The moral decision and the sense of humanity are based on their experience and even sometimes change the law. Each judge uses their prudence in deciding the outcome of a case. Another “undesirable inconsistency” occurs as bias or even extraneous factors like hunger. Research in Israeli courts has shown that the percentage of favourable decisions drops to nearly zero before lunch.
Judges must ensure similar offences should receive similar penalties in different courts with different judges. Usually, to enhance sentence consistency, the justice system has prepared guidelines as a reference. This inconsistency area is the pain point where AI can help.
How AI Helps Judges
Most modern AI is machine learning, a machine learning algorithm that could learn the patterns in a database to predict patterns and outcomes. Therefore, AI can provide better sentence suggestions after the computer algorithm learns the patterns within a set of data.
Dr Andrew’s machine learning algorithm trained with 302 New Zealand assault cases. The sentences in those cases are between 0 and 14.5 years of imprisonment. The model quantifies sentences based on certain phrases and terms when calculating the sentence. Then the algorithm built a model that can predict the length of a sentence for a new case and explain why it made certain predictions.

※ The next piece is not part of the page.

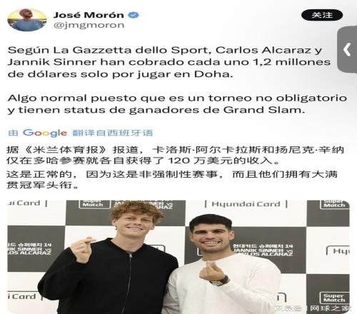 據(jù)《米蘭體育報》等多家媒體報道,阿爾卡拉斯和辛納兩人僅憑借在本周ATP500多哈站的出場,各自就有高達120萬美元入賬。

The relatively simple model worked quite well within the average error of the model in under 12 months. The model associates the words or phrases such as “sexual”, “young person”, “taxi” and “firearm” with longer sentences. While shorter sentences were given to cases with words like “professional”, “career”, “fire” and “Facebook”.
Beyond Decision Making
In the future, AI could be used as an evaluation tool for judges. They could understand better their sentencing decisions and perhaps remove extraneous factors. The models also have the potential to be used by lawyers, providers of legal technology and researchers, to analyse the sentencing and justice system. Moreover, AI also can be used for controversial sentences and help create some transparency around controversial decisions.
Of course, the use of AI in the justice system may still be controversial. Most people are still keen that the final assessments and decisions on justice and punishment should be made by human experts. But maybe it is the right time need to give an opportunity to an “algorithm” or “AI” in the judicial system for the common good.
New Zealand is not the only country that explores the use of Artificial Intelligence (AI) in courtrooms. Several other countries like China and Malaysia have done similar things. In China, robot judges can decide on a small case. While in Malaysia, some courts have used AI to recommend sentences for offences such as drug possession.